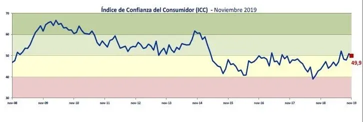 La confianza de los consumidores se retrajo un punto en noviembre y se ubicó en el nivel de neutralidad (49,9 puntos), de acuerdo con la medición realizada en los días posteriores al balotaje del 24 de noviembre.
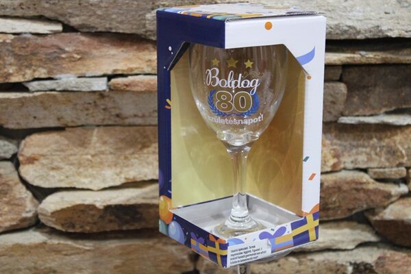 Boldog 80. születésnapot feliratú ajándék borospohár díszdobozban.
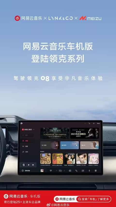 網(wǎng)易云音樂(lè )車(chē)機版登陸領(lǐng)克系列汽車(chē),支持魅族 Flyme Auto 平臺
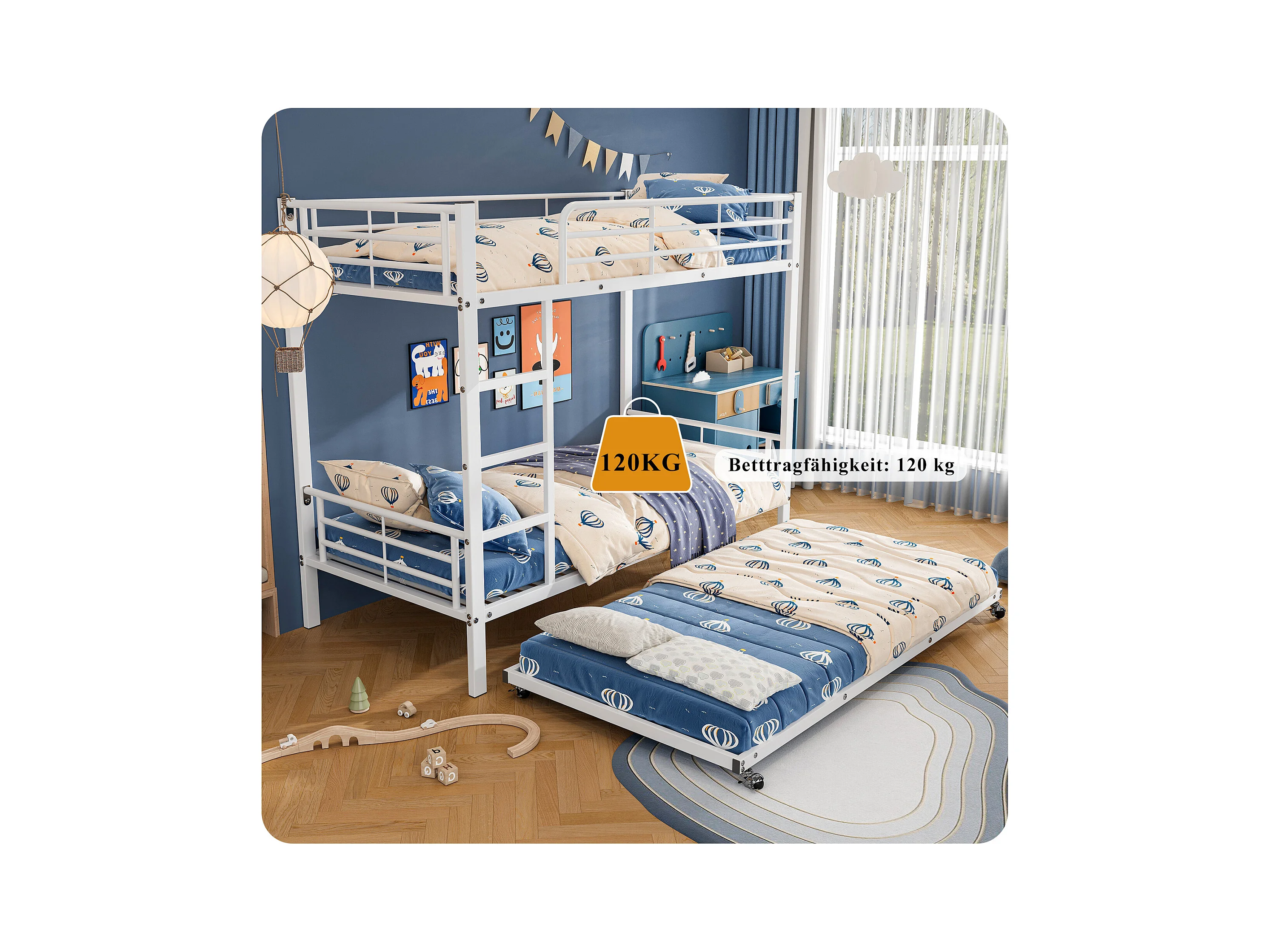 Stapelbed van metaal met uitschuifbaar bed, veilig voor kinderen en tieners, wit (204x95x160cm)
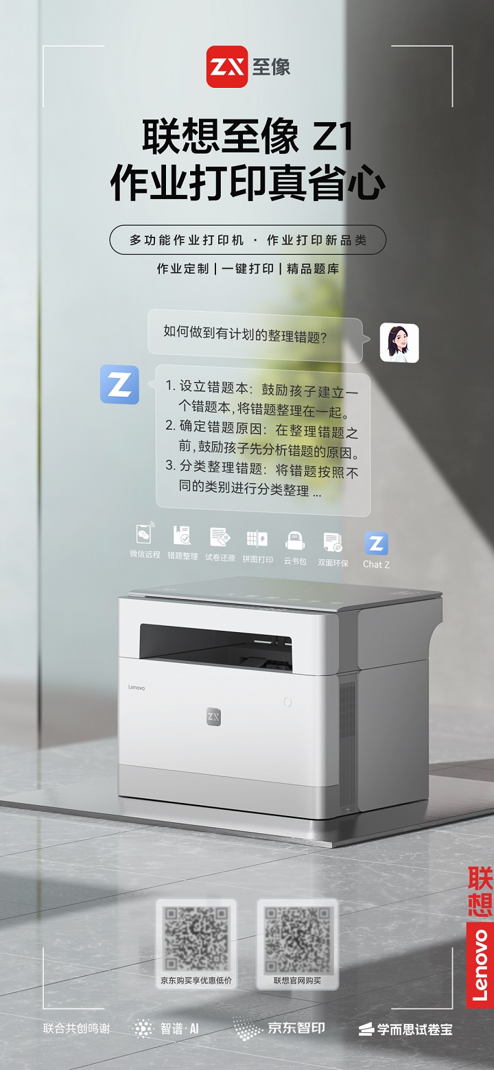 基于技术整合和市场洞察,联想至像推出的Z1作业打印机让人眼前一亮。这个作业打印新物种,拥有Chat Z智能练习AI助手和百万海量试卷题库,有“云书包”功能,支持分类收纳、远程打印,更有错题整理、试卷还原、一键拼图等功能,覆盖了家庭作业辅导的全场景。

Exercise directions :: Every entry above needs to be retyped exactly; drop the pictures.

Exercise result ::
 La confianza de los consumidores se retrajo un punto en noviembre y se ubicó en el nivel de neutralidad (49,9 puntos), de acuerdo con la medición realizada en los días posteriores al balotaje del 24 de noviembre.
 Boldog 80. születésnapot feliratú ajándék borospohár díszdobozban.
 網(wǎng)易云音樂(lè )車(chē)機版登陸領(lǐng)克系列汽車(chē),支持魅族 Flyme Auto 平臺
 Stapelbed van metaal met uitschuifbaar bed, veilig voor kinderen en tieners, wit (204x95x160cm)
 基于技术整合和市场洞察,联想至像推出的Z1作业打印机让人眼前一亮。这个作业打印新物种,拥有Chat Z智能练习AI助手和百万海量试卷题库,有“云书包”功能,支持分类收纳、远程打印,更有错题整理、试卷还原、一键拼图等功能,覆盖了家庭作业辅导的全场景。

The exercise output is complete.